* [EXERCISE INSTRUCTIONS] Transcribe, exactly and without pictures, the lines below from the line with "Descoperă frumusețea junglei" to the line with "보증보험사가 보증 신상품…", both ends included, and no others.

* [PROVIDED RECORDS]

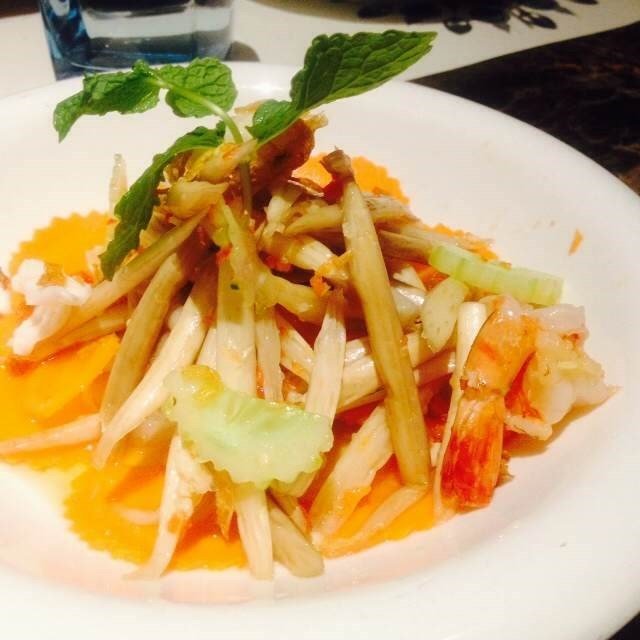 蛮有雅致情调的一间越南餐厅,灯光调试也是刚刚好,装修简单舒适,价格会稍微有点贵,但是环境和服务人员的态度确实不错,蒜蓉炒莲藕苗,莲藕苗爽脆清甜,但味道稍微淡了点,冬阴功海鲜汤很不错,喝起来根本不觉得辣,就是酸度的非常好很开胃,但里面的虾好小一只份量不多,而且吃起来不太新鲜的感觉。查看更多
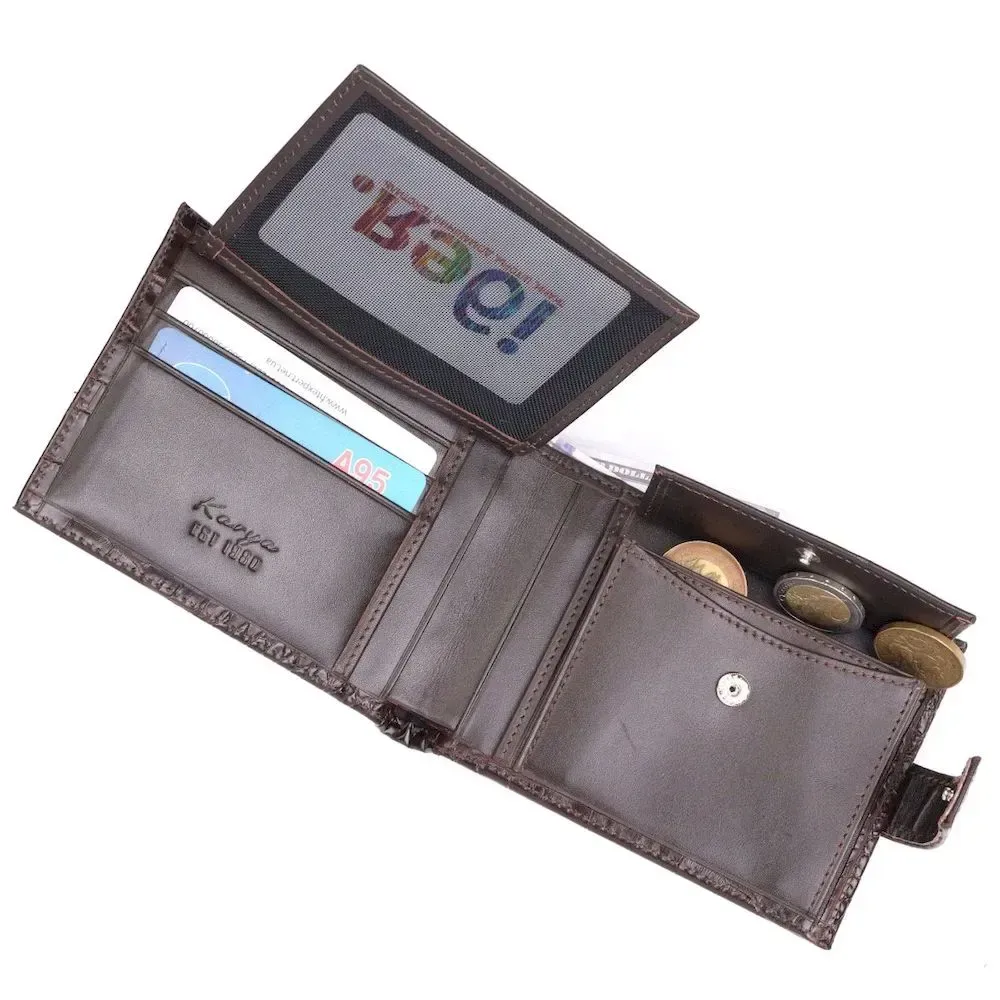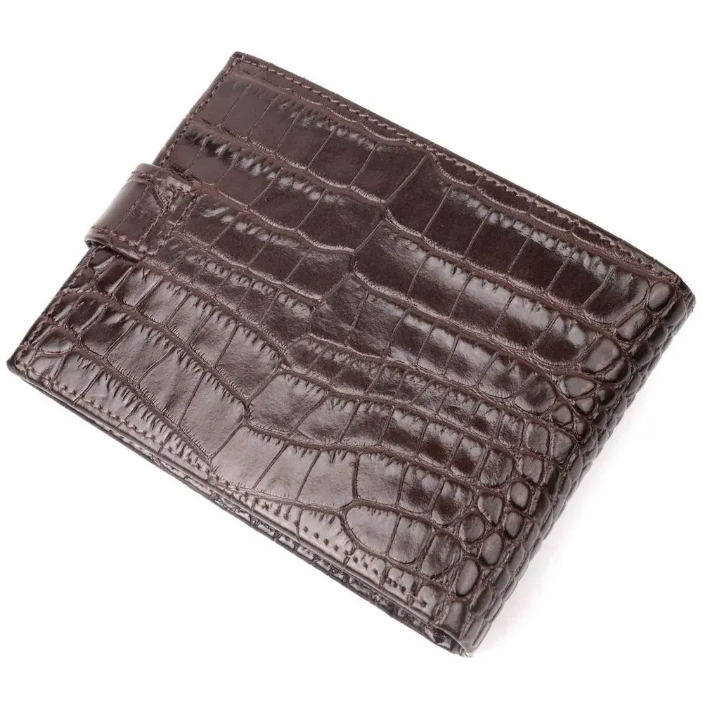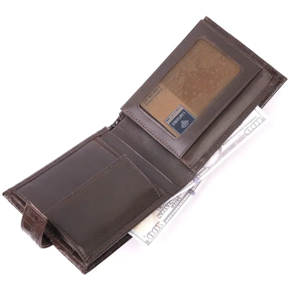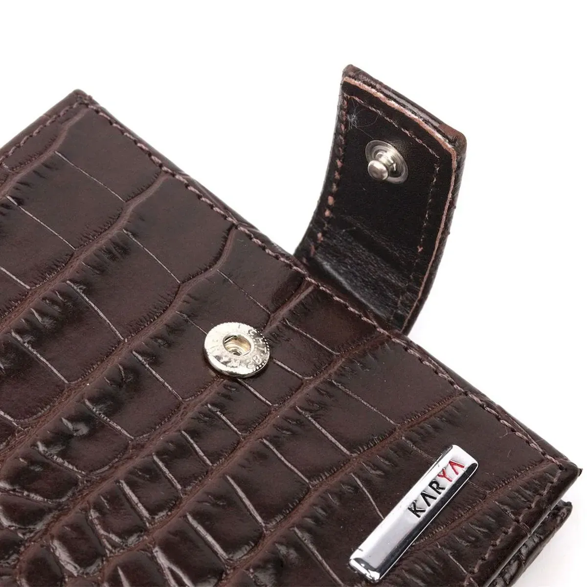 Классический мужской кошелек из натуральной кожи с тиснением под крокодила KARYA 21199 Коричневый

...

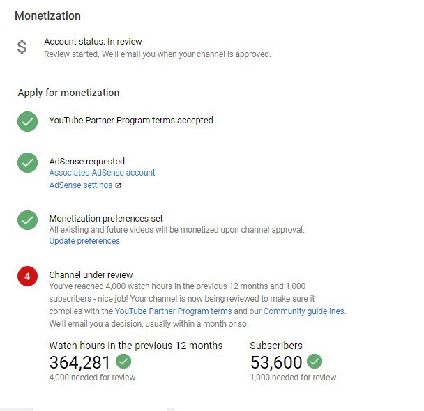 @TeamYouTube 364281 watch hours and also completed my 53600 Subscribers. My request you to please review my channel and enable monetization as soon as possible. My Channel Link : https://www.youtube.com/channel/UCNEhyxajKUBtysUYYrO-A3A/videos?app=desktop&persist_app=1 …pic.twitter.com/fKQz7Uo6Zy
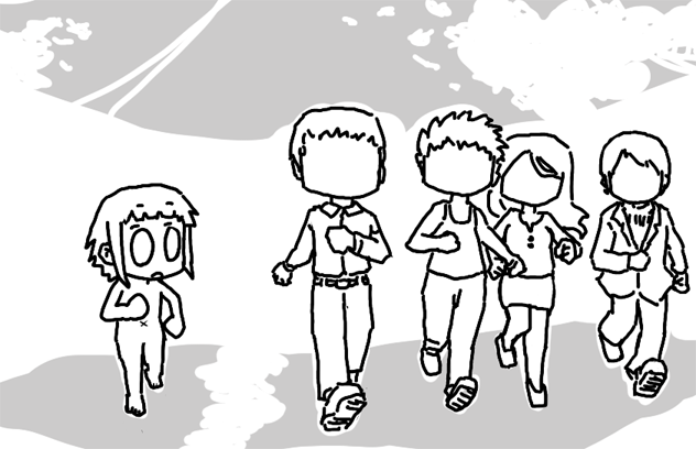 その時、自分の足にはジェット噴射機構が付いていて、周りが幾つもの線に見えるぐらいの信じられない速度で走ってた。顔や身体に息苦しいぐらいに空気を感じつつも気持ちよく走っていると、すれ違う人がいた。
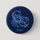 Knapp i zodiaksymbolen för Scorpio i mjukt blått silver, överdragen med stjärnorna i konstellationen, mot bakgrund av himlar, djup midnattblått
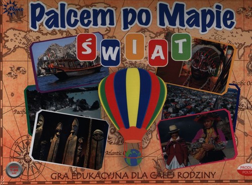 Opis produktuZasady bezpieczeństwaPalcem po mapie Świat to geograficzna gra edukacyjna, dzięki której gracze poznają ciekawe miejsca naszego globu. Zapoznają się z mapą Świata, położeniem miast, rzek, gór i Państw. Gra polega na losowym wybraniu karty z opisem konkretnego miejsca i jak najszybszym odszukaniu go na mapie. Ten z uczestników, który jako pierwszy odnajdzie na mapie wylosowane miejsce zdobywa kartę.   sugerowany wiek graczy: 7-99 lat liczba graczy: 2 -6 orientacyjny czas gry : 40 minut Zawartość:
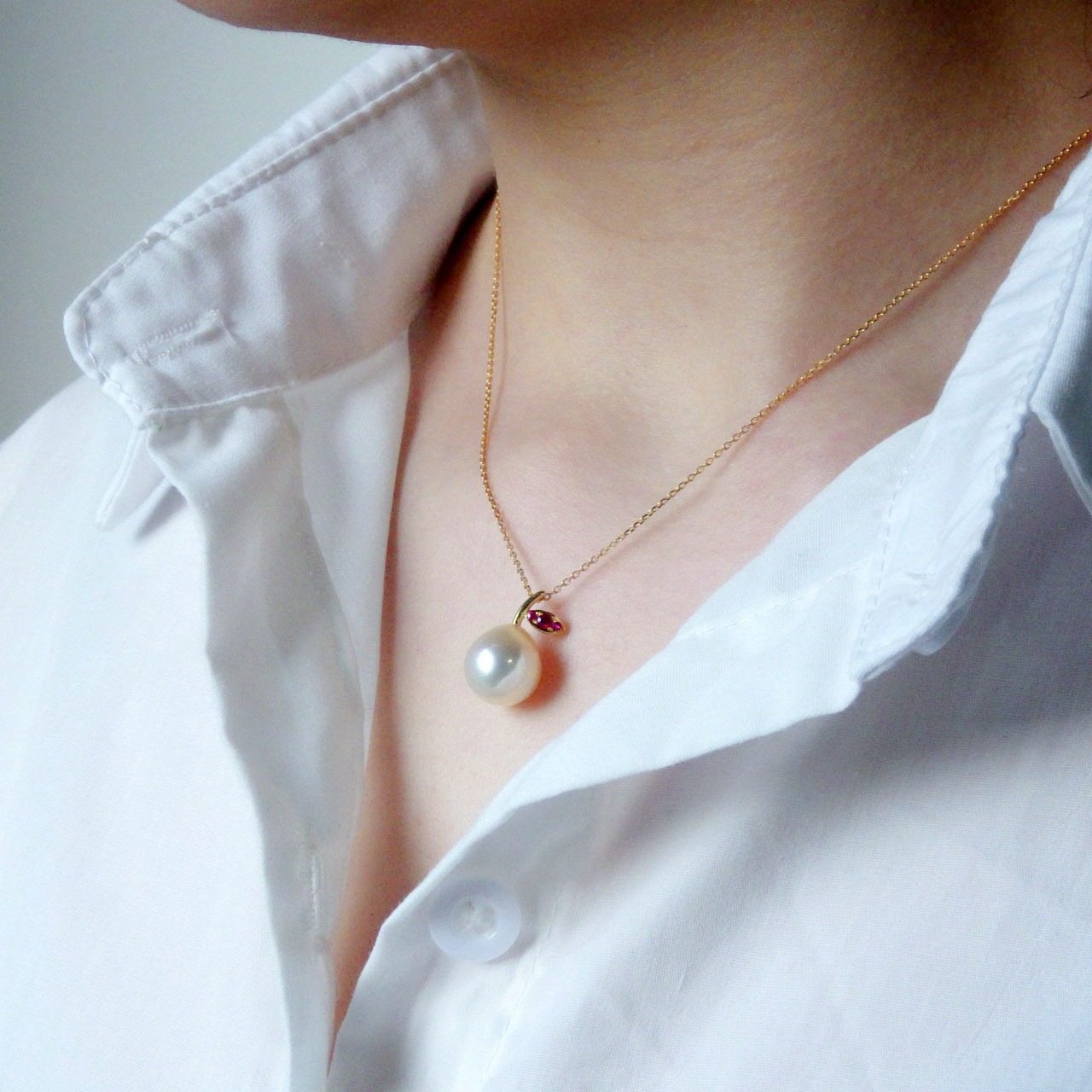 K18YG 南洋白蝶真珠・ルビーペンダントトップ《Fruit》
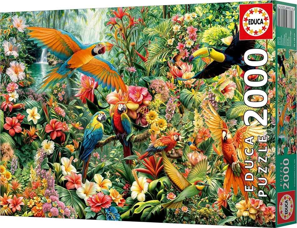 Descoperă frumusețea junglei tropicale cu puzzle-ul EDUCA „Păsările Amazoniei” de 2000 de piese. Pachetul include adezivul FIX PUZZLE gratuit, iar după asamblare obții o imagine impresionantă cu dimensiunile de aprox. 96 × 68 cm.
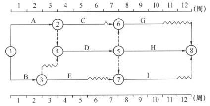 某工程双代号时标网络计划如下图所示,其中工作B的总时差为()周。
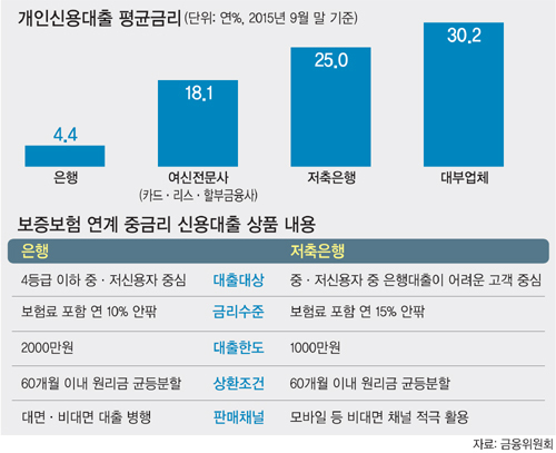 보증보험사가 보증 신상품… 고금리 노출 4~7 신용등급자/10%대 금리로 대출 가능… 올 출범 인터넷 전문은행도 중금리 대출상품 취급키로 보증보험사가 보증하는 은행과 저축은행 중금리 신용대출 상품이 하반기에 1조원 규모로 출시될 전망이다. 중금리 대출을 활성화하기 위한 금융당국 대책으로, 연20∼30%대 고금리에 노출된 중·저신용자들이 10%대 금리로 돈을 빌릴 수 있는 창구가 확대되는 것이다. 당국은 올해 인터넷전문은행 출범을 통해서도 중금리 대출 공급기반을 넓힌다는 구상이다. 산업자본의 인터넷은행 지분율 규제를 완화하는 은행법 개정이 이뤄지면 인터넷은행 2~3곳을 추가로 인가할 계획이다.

* [EXERCISE OUTPUT]
 Descoperă frumusețea junglei tropicale cu puzzle-ul EDUCA „Păsările Amazoniei” de 2000 de piese. Pachetul include adezivul FIX PUZZLE gratuit, iar după asamblare obții o imagine impresionantă cu dimensiunile de aprox. 96 × 68 cm.
 某工程双代号时标网络计划如下图所示,其中工作B的总时差为()周。
 보증보험사가 보증 신상품… 고금리 노출 4~7 신용등급자/10%대 금리로 대출 가능… 올 출범 인터넷 전문은행도 중금리 대출상품 취급키로 보증보험사가 보증하는 은행과 저축은행 중금리 신용대출 상품이 하반기에 1조원 규모로 출시될 전망이다. 중금리 대출을 활성화하기 위한 금융당국 대책으로, 연20∼30%대 고금리에 노출된 중·저신용자들이 10%대 금리로 돈을 빌릴 수 있는 창구가 확대되는 것이다. 당국은 올해 인터넷전문은행 출범을 통해서도 중금리 대출 공급기반을 넓힌다는 구상이다. 산업자본의 인터넷은행 지분율 규제를 완화하는 은행법 개정이 이뤄지면 인터넷은행 2~3곳을 추가로 인가할 계획이다.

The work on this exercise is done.